If you have none of that, check the bag of rice or noodles you bought, if you’ll not see Thailand or Vietnam or even China on it. That is how we are outsourcing jobs to people who were struggling to walk out of economic misfortunes with us half a century ago.
Back home on the continent, we took off with the likes of Mauritius, Botswana, and in fact, lighted their paths to independence. But we seem lost and take pride and glory in an electoral democracy that increases our blood pressure every four years.
While we pride ourselves in being the poster girl (mother Ghana) for African democracy, voodoo-loving Benin has elected two independent candidates as presidents in the last 14 years.
Our Parliament is a rubber stamp for issues that deserve critical, non-partisan deliberations.
My Member of Parliament is not independent-minded and can’t go against his party.
Don’t tell me it happens in the West. I’ve heard too many western politicians going against their parties, even when they are in government. Just point at one MP in Ghana who rebelled against his party’s stance on an issue and was not cowed to stand down.
In May, at least 61 MPs defied UK Prime Minister, Boris Johnson’s call on his peers to move on after a national uproar about his chief strategist, Dominic Cumming, driving from London to Country Durham in spite of lockdown restrictions.
In February 2018, seven Labour MPs resigned from the Labour Party in protest against their leader, Jeremy Corbyn’s approach to Brexit and anti-Semitism.
As for Donald Trump’s, the United States, the number of Republican lawmakers spitting in his face is growing every day.
As the queues get longer at registration centres, I feel reluctant to join and put my patriotism to good use on December 7.
Democracy must benefit the people, it must transform lives. It must unite us against poverty, disease, sickness and all forms of deprivations. It must rake our conscience enough to demand accountability from those we put in charge of our resources.

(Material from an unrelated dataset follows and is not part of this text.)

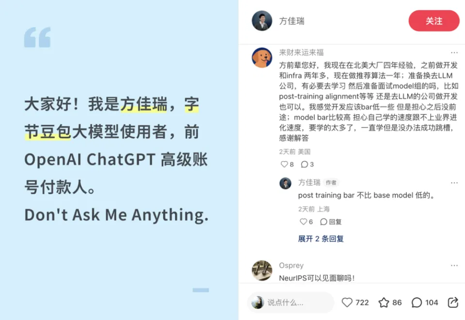 甚至,一些专业机构、互联网企业研究院负责人也闻讯而来,跳入了这场大讨论,如上海人工智能实验室领军青年科学家 大模型中心负责人陈恺、腾讯混元 Principal 科学家,前 DeepMind RL 成员徐仲文、月之暗面强化学习负责人 Flood Sung、通义千问研究员郑楚杰均在小红书与网友 Socialize。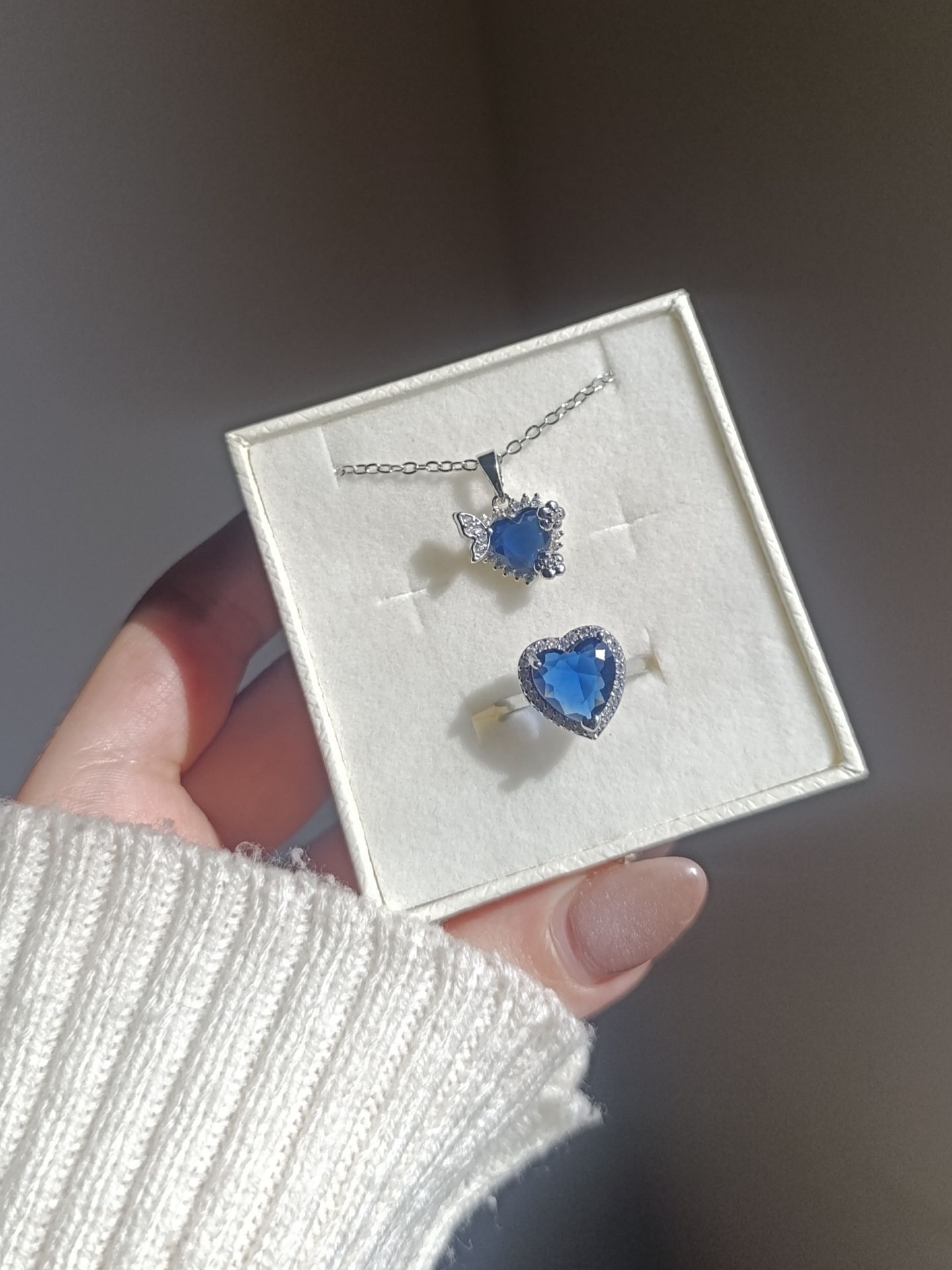 این نیم ست شامل انگشتر و گردنبند نگین آبی، انگشتر فری سایز ، هردو استیل و رنگ ثابت مناسب استفاده روزمره داخل حموم استفاده نشه ❌

It must ignite the passion in us to demand that the opposition who are government (s) in waiting provide us with credible and workable alternatives.
If the current system does not give us any of these, then it’s time for a rethink.
But the sad reality is that there is no silver lining in the cloud for us. We are faced with a vicious cycle that is jinxed and needs to be broken. The coups in the 1960s through the 1980s have not helped us. So that’s not a solution. Neither is the Arab Spring-style, which tossed out dictators, only to replace them with another set through the ballot box, an option.
It’s time to rethink the system and opt for one that clears the barriers of social exclusion, where leaders are more concerned about the next generation than the next election, where democracy is not just about elections, but one that gives meaning to the Freedom and Justice on our Coat of Arms.